30 Days in Sydney
A Wildly Distorted Account

by Peter Carey


Overview
From the Publisher
After living in New York for ten years novelist Peter Carey returned home to Sydney with the idea of capturing its ebullient character via the four elements. 'I would never seek to define Manhattan by asking my New York friends for stories of Earth and Air and Fire and Water,' he writes, 'but that is exactly what was in my mind as I walked through immigration at Kingsford Smith International Airport.' But Carey's friends turn out to be anarchic characters each of whom has his own very individual way of story-telling.

My thoughts
I have been liberated! After several years of thinking I had to finish a book once I started it, just in case it got better or just in case I wasn't getting it, I am finally able to put down a book that simply isn't holding my interest! What freedom! Thank you, Nancy Pearl!

I purchased this book because (1) it's about Sydney, a city near and dear to my heart and, (2) it's written by Peter Carey, whose book True History of the Kelly Gang I really enjoyed.

I started out enjoying this book and then part way through, page 110 actually, I lost interest. The choppy writing style wasn't appealing to me and the stories lost interest. The insertion of foul language didn't seem necessary either.

Pity, because I really want to like this book. The story of Eternity is precious.

Favorite Passage
I first saw Eternity when I was a kid, he told me as he rolled his second cigarette. I came out of my house and discovered this chalk calligraphy on the footpath. No one ever wrote anything on the streets in those days. I thought, what's that? I didn't think about what it meant. I didn't analyse it. It was just beautiful and mysterious.

For years and years no one knew who wrote this word, said Martin. It would just spring up overnight. We now know the writer's name was Arthur Stace. We know he was a very little bloke, just five feet three inches tall, with wispy white hair and he went off to the First World War as a stretcher-bearer. Later he was a 'cockatoo', a look-out for his sisters who ran a brothel. Then he became an alcoholic.

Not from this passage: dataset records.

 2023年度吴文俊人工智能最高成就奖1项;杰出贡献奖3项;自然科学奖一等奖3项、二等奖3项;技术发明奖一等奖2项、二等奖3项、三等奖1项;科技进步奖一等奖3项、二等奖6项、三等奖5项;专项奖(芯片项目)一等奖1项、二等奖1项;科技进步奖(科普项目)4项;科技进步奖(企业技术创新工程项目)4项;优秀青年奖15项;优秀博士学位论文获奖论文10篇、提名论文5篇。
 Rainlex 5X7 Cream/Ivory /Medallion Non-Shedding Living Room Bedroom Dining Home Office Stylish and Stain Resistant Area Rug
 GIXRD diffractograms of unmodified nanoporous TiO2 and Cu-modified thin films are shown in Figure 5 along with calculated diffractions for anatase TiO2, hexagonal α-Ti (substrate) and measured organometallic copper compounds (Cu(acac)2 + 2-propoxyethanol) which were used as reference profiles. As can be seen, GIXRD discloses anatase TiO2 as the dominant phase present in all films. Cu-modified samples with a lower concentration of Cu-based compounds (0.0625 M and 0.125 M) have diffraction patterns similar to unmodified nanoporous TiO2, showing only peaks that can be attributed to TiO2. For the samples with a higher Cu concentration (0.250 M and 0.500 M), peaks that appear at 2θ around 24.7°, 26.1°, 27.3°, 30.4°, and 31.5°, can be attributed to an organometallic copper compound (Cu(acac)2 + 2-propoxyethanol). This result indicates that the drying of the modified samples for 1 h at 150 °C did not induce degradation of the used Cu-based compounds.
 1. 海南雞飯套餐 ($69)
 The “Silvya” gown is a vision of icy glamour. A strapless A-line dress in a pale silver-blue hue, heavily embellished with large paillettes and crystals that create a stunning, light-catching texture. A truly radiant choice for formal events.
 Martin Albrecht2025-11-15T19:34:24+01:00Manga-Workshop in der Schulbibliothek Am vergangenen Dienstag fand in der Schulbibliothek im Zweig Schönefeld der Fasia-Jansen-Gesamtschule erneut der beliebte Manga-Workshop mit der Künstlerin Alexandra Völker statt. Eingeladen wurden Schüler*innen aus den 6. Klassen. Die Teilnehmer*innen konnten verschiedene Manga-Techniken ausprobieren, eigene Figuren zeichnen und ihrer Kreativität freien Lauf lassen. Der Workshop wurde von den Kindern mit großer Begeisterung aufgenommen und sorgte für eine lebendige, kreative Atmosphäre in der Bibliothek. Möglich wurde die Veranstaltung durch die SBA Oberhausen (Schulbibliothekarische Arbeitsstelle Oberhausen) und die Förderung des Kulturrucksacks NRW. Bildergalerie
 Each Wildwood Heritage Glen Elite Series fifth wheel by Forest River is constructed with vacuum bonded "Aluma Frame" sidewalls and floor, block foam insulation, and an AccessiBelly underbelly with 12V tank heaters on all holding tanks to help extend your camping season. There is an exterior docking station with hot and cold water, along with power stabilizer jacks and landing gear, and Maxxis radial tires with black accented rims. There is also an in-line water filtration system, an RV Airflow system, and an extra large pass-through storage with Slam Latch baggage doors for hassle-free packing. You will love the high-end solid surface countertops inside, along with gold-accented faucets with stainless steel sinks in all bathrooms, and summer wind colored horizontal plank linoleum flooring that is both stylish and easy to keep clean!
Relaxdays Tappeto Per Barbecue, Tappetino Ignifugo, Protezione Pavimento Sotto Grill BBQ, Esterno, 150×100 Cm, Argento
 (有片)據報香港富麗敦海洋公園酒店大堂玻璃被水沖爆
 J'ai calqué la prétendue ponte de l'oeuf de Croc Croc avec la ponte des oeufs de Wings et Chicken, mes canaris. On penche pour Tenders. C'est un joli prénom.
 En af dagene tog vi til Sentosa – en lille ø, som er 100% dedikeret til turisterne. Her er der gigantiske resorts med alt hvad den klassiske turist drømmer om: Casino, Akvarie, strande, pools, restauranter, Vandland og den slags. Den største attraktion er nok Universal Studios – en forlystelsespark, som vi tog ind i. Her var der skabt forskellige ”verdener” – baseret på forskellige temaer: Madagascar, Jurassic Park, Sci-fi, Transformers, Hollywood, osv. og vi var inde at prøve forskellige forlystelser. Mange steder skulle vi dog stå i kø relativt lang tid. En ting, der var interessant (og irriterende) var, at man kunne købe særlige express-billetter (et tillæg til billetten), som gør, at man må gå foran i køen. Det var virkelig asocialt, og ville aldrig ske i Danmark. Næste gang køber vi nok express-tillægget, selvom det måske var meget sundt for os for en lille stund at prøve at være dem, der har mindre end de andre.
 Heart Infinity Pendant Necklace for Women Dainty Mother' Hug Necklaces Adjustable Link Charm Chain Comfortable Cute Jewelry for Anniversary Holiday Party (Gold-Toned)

By the 1930s, when he walked into a church in Pyrmont, he was drinking methylated spirits.

...Eternity, the preacher said, I would like to shout the word Eternity through the streets of Sydney.

And that was it, said Martin. Arthur's brain just went BANG. He staggered out of the church in tears. In the street he reached in his pocket and there he found a piece of chalk. Who knows how it got there? He knelt, and wrote Eternity on the footpath.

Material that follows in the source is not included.